Starting point is 00:03:51 didn't want to further proliferate information. But we have some of our own tools we can feed information to and then do a quick analysis to kind of hone in on what are the sort of large chunks, the human part of it, the technical design, and then potential what that could actually mean in terms of the real world. Well, let's dig in here from your research. How do you describe the overall architecture of the Great Firewall? I'm actually, this might be controversial, but I've actually quite
Starting point is 00:04:21 impressed. I used to work for an organization that basically, while it wasn't an ISP, ran a carrier-grade network. So I've struggled with how to do security on a 100-gabit link, and that is no small feat. Granted, my experience was probably about 10 or so years ago, so technology has come a long way. But even back then, trying to do any kind of like just anti-malware inspection of real-time in the traffic was a huge, undertaking and cost millions and millions of dollars in equipment to be able to do that properly. Now, in a state sponsor situation such as in China, the funding is less of an issue, but the sheer scale of the infrastructure is quite impressive. The fact that they figured out how to build this, if you will, digital wall that any connection sourced from the mainland in China has to go through. But also to map it out with... there is central control, which of course is important if you want to, you know, block certain types of information from leaving the country. So you have to have a central point of command
Starting point is 00:05:33 control, but then it can still be spread out to regions, and it gives regional governments some level of insight and blocking ability as well. And the fact that they managed to design this at scale that large, and it's fairly effective. I'm actually quite impressed. Yeah, the report talks about things like the traffic secure gateway and deep packet inspection. Can we dig into some of those details and how they work? Yes. A lot of the technology is being used is what's been used as regular cybersecurity best practices for years. So basically, what deep packet inspection means is the way the Internet is designed,
Starting point is 00:06:17 When information is transmitted from one point to another, it gets chunked into little datagrams called packets. And the idea is if one or two of them get lost on the way, you can either ask for a retransmission or it's not important because you can make it up from the context. So that gives these small packets that travel over the Internet that contain the information. Now, deep packet inspection essentially means in real time,
Starting point is 00:06:42 you intercept this particular packet, you peek inside and glean what information might be, included inside, whether there's like a malware hash or is it particular destinations and sources that are talking to each other. It's all very interesting. But doing that at speed to not slow the internet down significantly where somebody might become suspicious or if it's a customer complain, like why is my connection so slow? Doing that at scale is important. But it gives you an idea what two points on the internet are talking about to each other. Of course, there's things like encryption that makes this a lot harder.

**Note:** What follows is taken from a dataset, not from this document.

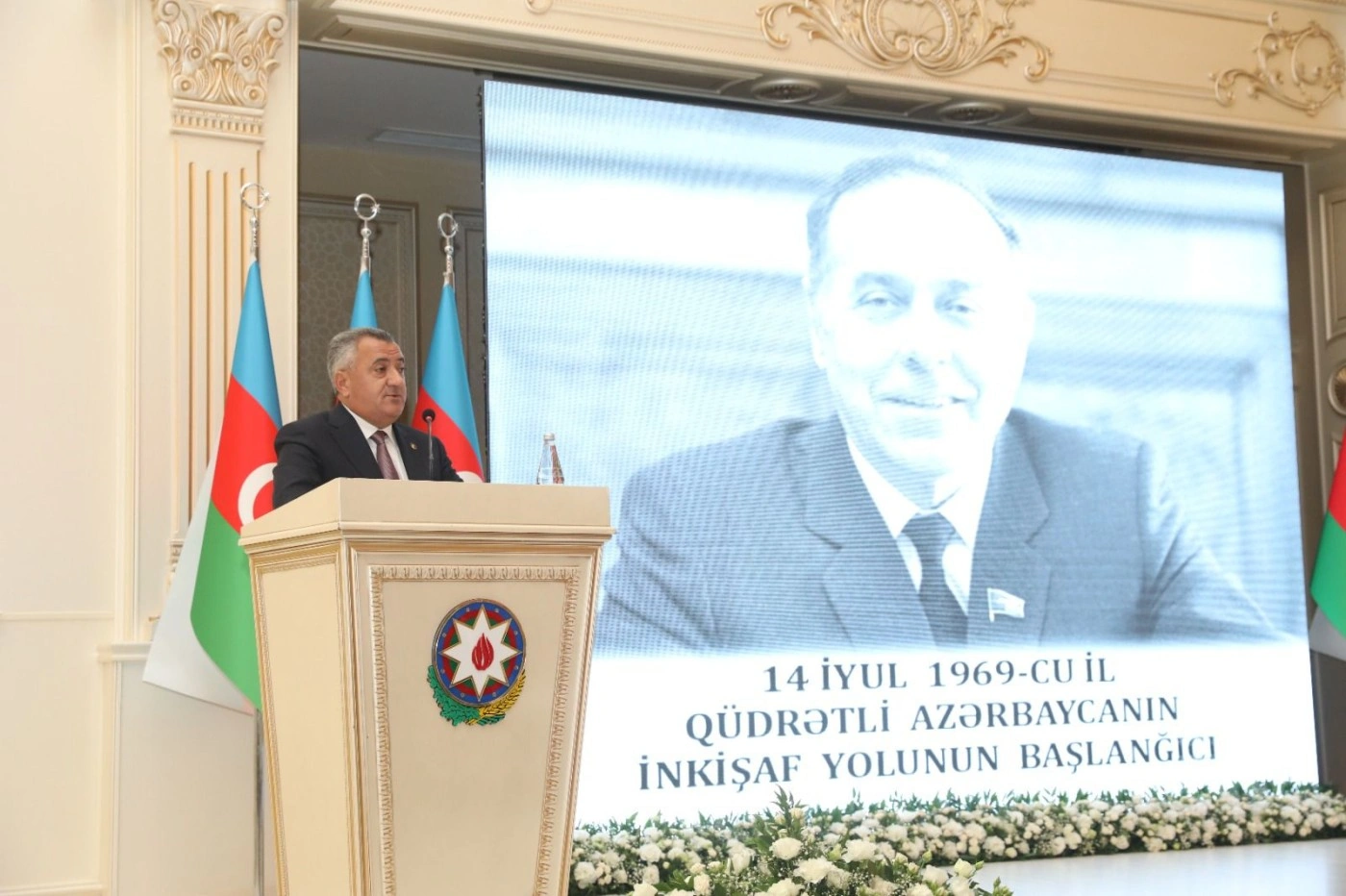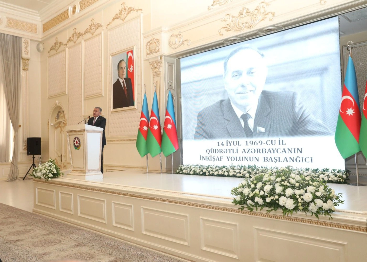 Tədbirdə çıxış edən Abşeron Rayon İcra Hakimiyyəti başçısı Abdin Fərzəliyev bildirib ki, Azərbaycanın bu günə qədər əldə etdiyi bütün naliyyətlər Ümummilli Lider Heydər Əliyevin adı ilə bağlıdır. Qeyd edilib ki, Ulu Öndərin ölkəmizdə birinci dəfə siyasi hakimiyyətə gəldiyi 1969-cu ilin 14 iyul günü xalqımızın tarixi taleyində oynadığı misilsiz rolu ilə daima hörmətlə xatırlanır. Bu tarix Azərbaycanın xilasının birinci mərhələsi, xalqın özünəqayıdış tarixidir. Heydər Əliyev siyasi fəaliyyətinin bütün mərhələlərində vətənə, xalqa, torpağa sonsuz məhəbbət və sədaqət hissi ilə, qurub-yaratmaq amalı ilə yanaşmış, hər zaman milli dəyərlərə bağlı olmuşdur. Ümummilli Lider Heydər Əliyevin fəaliyyəti nəticəsində ölkəmizdə yaşanan intibahdan, respublikamızda geniş vüsət alan hərtərəfli inkişafdan danışan RİH başçısı Ulu Öndərin milli ruhun dirçəldilməsində, dövlətçilik ənənələlərinin qorunub saxlanılmasındakı xüsusi xidmətlərindən söz açıb. Bildirilib ki, bütün həyatı və fəaliyyəti boyunca daima vətənini, onun suverenliyini, dövlətimizin güclənməsini düşünən Heydər Əliyev Azərbaycanın ən çətin məqamlarında onu üzləşdiyi faciələrdən, çətinliklərdən, bir dövlət kimi məhv olmaq təhlükələrindən xilas etmək üçün misilsiz xidmətlər göstərmişdir. Bu gün də Ümummilli Lider Heydər Əliyevin müəyyənləşdirdiyi siyasi kursu uğurla davam etdirən Azərbaycan Respublikasının Prerzidenti cənab İlham Əliyev vətənimizin ərazi bütövlüyünü təmin etmiş, Müzəffər Ali Baş Komandanın “Dəmir yumruğ”u ətrafında birləşən ordumuz Vətən Müharibəsində düşmən üzərində şanlı qələbə qazanmış və bununla da ata nəsihəti yerinə yetirilmişdir.

Starting point is 00:07:17 but there are other techniques you can use in order to get an idea of what, even if the H-TPS connection is encrypted, you can still get an idea of what the source is trying to reach on the outside Internet and make blocking decisions based on that. Yeah, well, in the research, you all talk about this notion
Starting point is 00:07:38 of fingerprinting encrypted traffic. Unpack that for us. You talk about invisible identifiers. Why does that matter? Yeah. So, you know, of course, privacy on internet is certainly important to me, and I think a lot of people start caring about that a lot more as of late. And so basically, the internet wasn't really designed with encryption in mind. The early days, everything was transmitted in clear text, so you wouldn't really be concerned about somebody maliciously intercepting your traffic to see what was going on. Well, later on, we added some of those layers. and one of them that is very popular is the secure HTTP protocol, HGPS, which uses TLS encryption, transport layer security.
Starting point is 00:08:27 Basically, you connect with a web server, you exchange pieces of information and encrypted tunnel between your computer and the web server is created where all the data with that particular site is being exchanged, but outside observers would not be able to tell who it is that you're talking to and what information you're exchanging.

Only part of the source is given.